**Task objective**
Extract the records below word for word and ignore the images.
### Supplied material ###
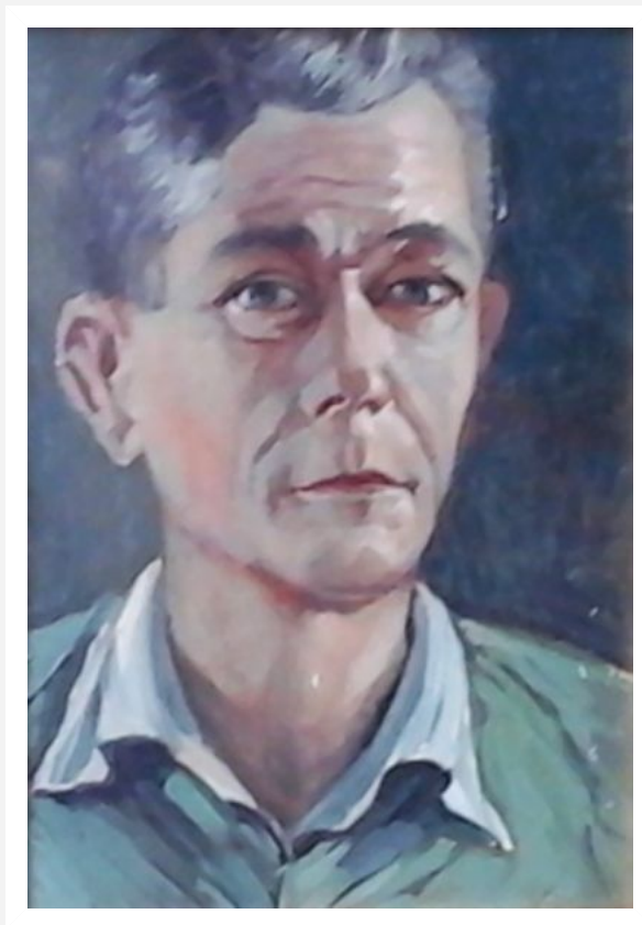
"Autoritratto" - 1945 - olio su cartone - cm 34x24
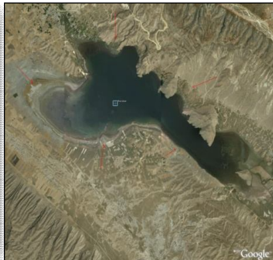
شکل ۱- موقعیت استان فارس، شهرستان کازرون و تصویر ماهواره‌ای دریاچه/ تالاب پریشان به هنگام پربابی، ۱۳۸۰.
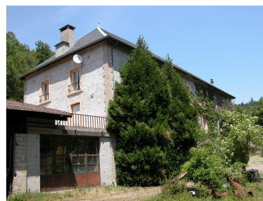
Vue d'ensemble depuis le sud-ouest. IVR82_20144200258NUCA
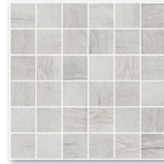
6100-0109 gri/gray | mat/matt SET = 1 folie PEI 4
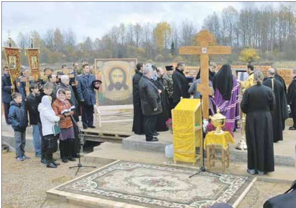
На месте гибели 2-й стрелковой дивизии строится монастырь
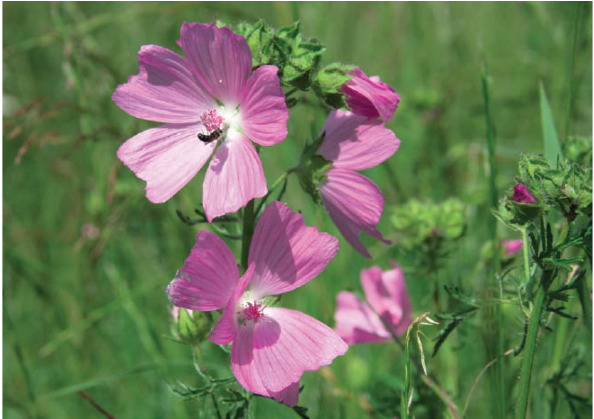
Vergessen Sie die Pflanzen am Wegesrand nicht, wie z. B. diese Malven Olympus OMD E-M1 MIII · 12–40 mm · f/5.6 · 35 mm · 1/1000 s · ISO 200
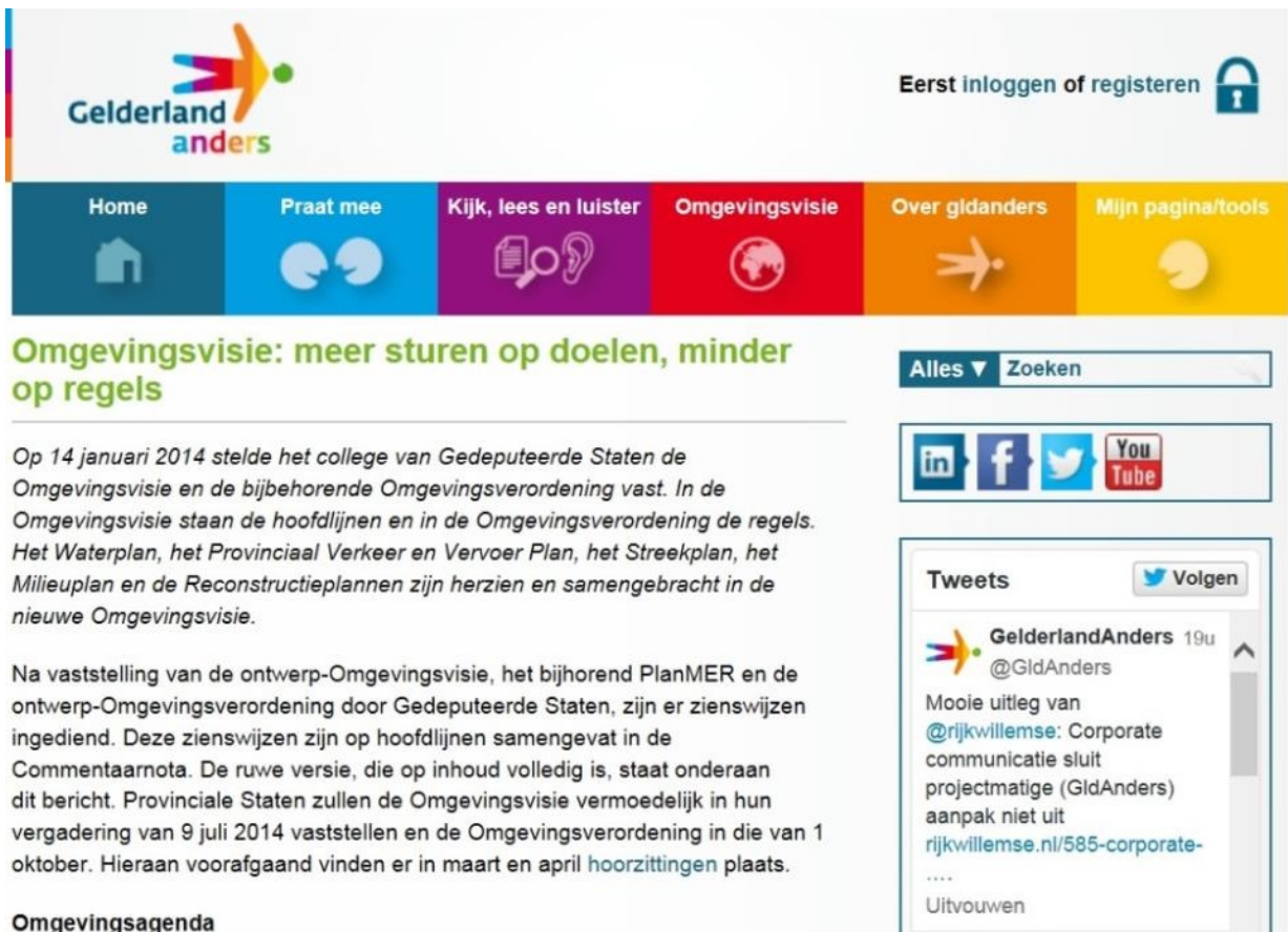
Figuur 4. Website GelderlandAnders.
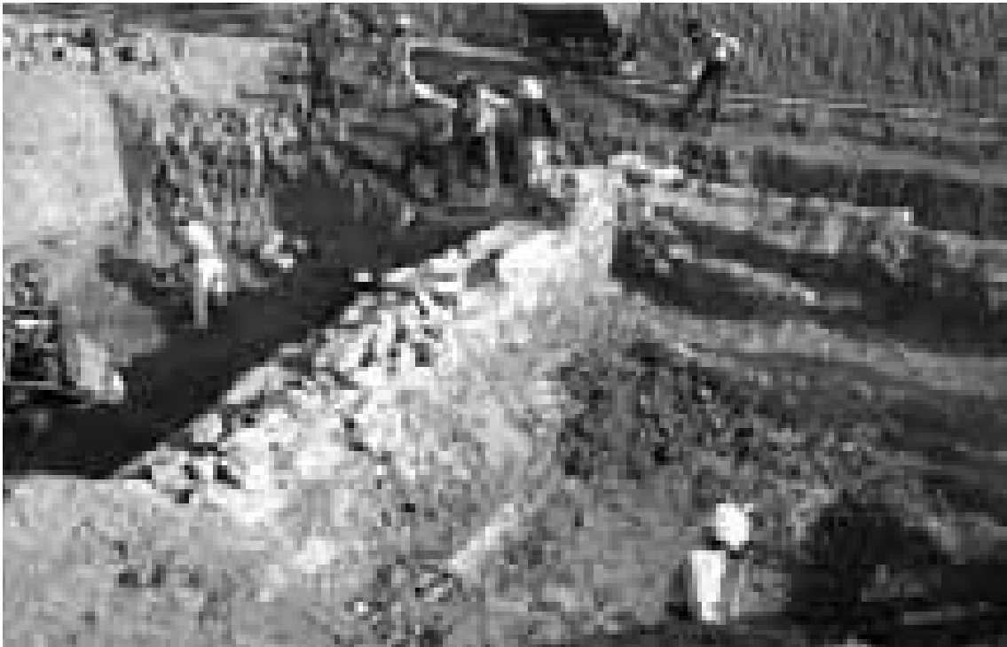
Abb. 3: Altgrabung 1965. Seldschukisches Gebäude: westliche Außenmauer und Quermauer, Blickrichtung Norden

Ungefähr 3 m unter dem Feldniveau lag ein Jünglingskopf aus Marmor, der wahrscheinlich den columnae caelatae des spätclassischen Artemistempels zuzuweisen ist 23 . Mörtelreste auf der Oberfläche des Kopfes deuten darauf hin, daß dieses Skulpturenfragment nach der Zerstörung des Tempels als Baustein wiederverwendet worden ist.
###
**Output below**
"Autoritratto" - 1945 - olio su cartone - cm 34x24
شکل ۱- موقعیت استان فارس، شهرستان کازرون و تصویر ماهواره‌ای دریاچه/ تالاب پریشان به هنگام پربابی، ۱۳۸۰.
Vue d'ensemble depuis le sud-ouest. IVR82_20144200258NUCA
6100-0109 gri/gray | mat/matt SET = 1 folie PEI 4
На месте гибели 2-й стрелковой дивизии строится монастырь
Vergessen Sie die Pflanzen am Wegesrand nicht, wie z. B. diese Malven Olympus OMD E-M1 MIII · 12–40 mm · f/5.6 · 35 mm · 1/1000 s · ISO 200
Figuur 4. Website GelderlandAnders.
Abb. 3: Altgrabung 1965. Seldschukisches Gebäude: westliche Außenmauer und Quermauer, Blickrichtung Norden

Ungefähr 3 m unter dem Feldniveau lag ein Jünglingskopf aus Marmor, der wahrscheinlich den columnae caelatae des spätclassischen Artemistempels zuzuweisen ist 23 . Mörtelreste auf der Oberfläche des Kopfes deuten darauf hin, daß dieses Skulpturenfragment nach der Zerstörung des Tempels als Baustein wiederverwendet worden ist.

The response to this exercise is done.